DontMindMe · December 11, 2024, 5:42pm

And of course try to lure as many users as you can to ListenBrainz! I try to mention it on Reddit whenever relevant, and on last.fm whenever I see people there complaining about last.fm issues. Also could follow and like/repost things on the social accounts (https://bsky.app/profile/listenbrainz.org for example)

mr_monkey · December 18, 2024, 1:34pm

One more piece of information I forgot to mention: we are planning on processing a huge music listening dataset (MLHD — music listening history dataset) that we reworked and massaged (see Datasets - MetaBrainz Foundation for more info).

This dataset of 26 billion entries —compared to LB’s 1 billion listens— will significantly improve the quality of our similarity calculations for pre-2017 music.

However processing such a huge dataset requires some temporary infrastructure modifications and server rental. We are planning to do this in the first part of the new year.

RustyNova · December 18, 2024, 3:18pm

(see Datasets - MetaBrainz Foundation for more info).

I can’t believe I got rickrolled once again…

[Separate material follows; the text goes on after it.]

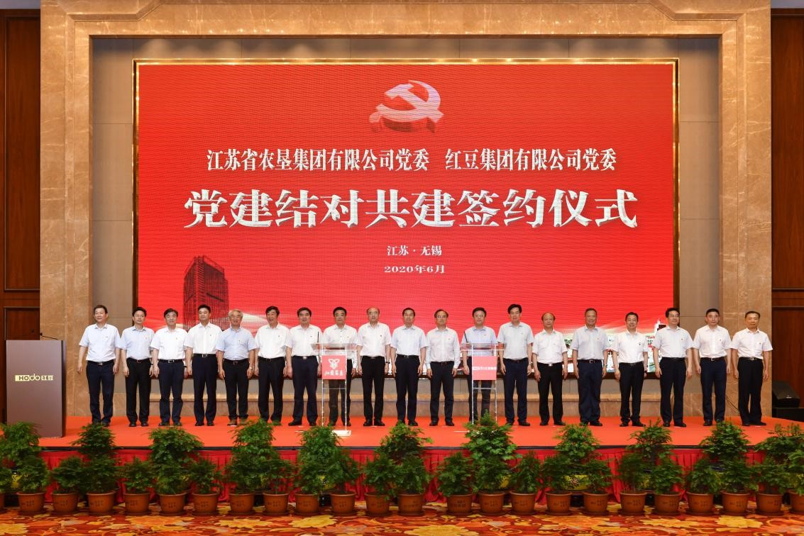 据悉,此次签约后,双方将以党建为纽带,按照“资源共享、优势互补、互利共赢”的基本原则,在组织共建、人才共育、资源共享、文化共育、发展共促方面,开展党建结对共建,从而实现党的建设和企业发展同频共振、互促共赢。包括充分利用各自党建资源,定期共同开展党建活动,实现党建与业务深度合作良性互动;扎实推进党员队伍建设,共同谋划、联合举办党员骨干培训班;利用各自资源优势,加强党的建设、市场信息、技术研发等方面的合作交流,推动党建工作和业务融合发展、共同进步;通过红豆七夕节、重要节日双方联合开展各类文化活动,不断增强党组织的凝聚力和战斗力;以党建引领发展,充分发挥双方资源优势,积极推进生物医药、房地产、绿色生态优质农产品销售、无锡锡商银行金融服务等,实现互利共赢。
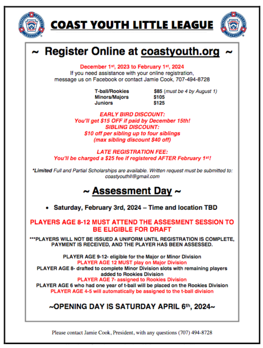 Coast Little League December 2, 2023 blake88 Coast Youth Little League registration is now open until Feb 1, 2024

mr_monkey · December 18, 2024, 3:29pm

What?! By MetaBrainz?! Never !

vvater · December 18, 2024, 11:46pm

I want to say that some of the issues that have been brought up regarding similar artists are true - I will not cite specific examples, but I remember looking and thinking, oh, geez, this is just a bunch of mainstream stuff I’m already familiar with that doesn’t really direct me to something more specific at all… But this is absolutely a common issue on similar websites - whether it’s buying books on Amazon or looking for similar artists on Last.Fm, if what you are looking at has reached a certain threshold of popularity, the “similar” stuff is often things you are completely familiar with…

Now, I want to say this…

I’m actually impressed that, with quite limited data, the Similar Artists for some of these musicians are accurate and equally underground.

Pop punk group the Hextalls has only 1.8k listens, and I believe the similar artists are decent enough, I am just surprised there are so many for such a small amount of plays, because you see Gimp Fist is has 1.6k listens, but only three similar artists, and one seems slightly off point, but the other two are helpful. The Macc Lads with 6.8k has some questionable similar artists… Nonetheless, it seems very promising. The algorithm is working more or less, and will be further refined with more data.

Thus, more users is ideal… And even just these guys who go, Oh I need to back up my last.fm, can be very helpful. For instance, there is a specific account that listens to a lot of obscure punk & Oi who I know has paid major dividends for the future of similar artists since I see he has really plumbed the depths of the genre…

I am very optimistic based off of what I see.